ANN ARBOR, Michigan—If cancer is a series of puzzles, a new study has pieced together how several of those puzzles connect to form a bigger picture. One major piece is the immune system and why T cells stop doing their job. Another piece involves how histones are altered within immune cells, and a third piece is how a cell’s metabolism processes amino acids.
“Nobody knew if those questions were all connected. We were able to place several of these puzzles together and see how it works,” said Weiping Zou, M.D., Ph.D., Charles B. de Nancrede Professor of Surgery, Immunology and Biology at the University of Michigan and director of the Center of Excellence for Immunology and Immunotherapy at the U-M Rogel Cancer Center.
Zou is senior author on the paper, which was published in Nature. Multiple labs from the Rogel Cancer Center and collaborators from Poland were also involved in the study, which found a connection between these three separate puzzles. The study suggests that targeting the amino acid methionine transporter in tumor cells could make immunotherapy effective against more types of cancer.

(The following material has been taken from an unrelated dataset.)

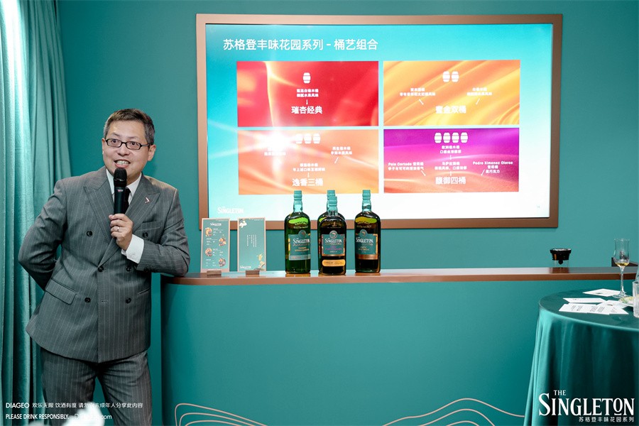 在发布会上,帝亚吉欧高级品牌大使Benson Wang与嘉宾们共同分享了属于这份丰馥秘境的大师班品鉴课程。由单一麦芽威士忌入门介绍,到苏格登品牌核心工艺所带来的丰盈口感享受。伴随这一套四支产品由浅入深的品鉴体验——从轻盈的青草香调逐步演变为成熟果园、甜美香料,直到浓郁森林的木香,带领嘉宾生动体会到不同橡木桶陈年带来的风味区别。“四款酒的风味特色及复杂度各不相同,但共同点则是全都个性鲜明且易饮好喝”获得现场多位威士忌圈内老饕好评。

The picture begins with T cells. Cancer can prevent T cells from mounting an attack against it. But what causes this?
Researchers looked at the tumor microenvironment, into how tumors metabolize amino acids. They found that an amino acid called methionine had the most impact on T cell survival and function. T cells with low levels of methionine became abnormal. Low methionine in the T cells also altered histone patterns that caused T cells to be impaired.
Introducing tumor cells to the picture creates a fight between the tumor cells and the T cells for methionine. Over and over, the tumor cells win the fight — taking the methionine from the T cells and rendering them ineffective. Previous research has considered a systemic approach to starve tumor cells of methionine, with the idea that the tumor cells are addicted to it. But, Zou noted, this study shows why that approach may be a double-edged sword.
“You have competition between tumor cells and T cells for methionine. The T cells also need it. If you starve the tumor cells of methionine, the T cells don’t get it either,” Zou pointed out. “You want to selectively delete the methionine for the tumor cells and not for the T cells.”
The study also found that supplementing methionine actually restored T cell function. High enough levels of methionine meant there was enough for both tumor cells and T cells. Tumor cells have more of the transporters that deliver methionine, and researchers found that impairing those transporters resulted in healthier T cells, as the T cells could compete for methionine.
“There are still a lot of mechanistic details we have not worked out, particularly the detailed metabolic pathways of methionine metabolism,” continued Zou. “We also need to understand how metabolism pathways may be different from tumor cells and T cells. We hope to find a target that is relatively specific to tumor cells so that we do not harm the T cells but impact the tumor.”
Zou has been awarded a $3.2 million grant from the National Cancer Institute to advance this work. He is also working with drug discovery experts to identify a small molecule inhibitor that targets methionine in tumor cells.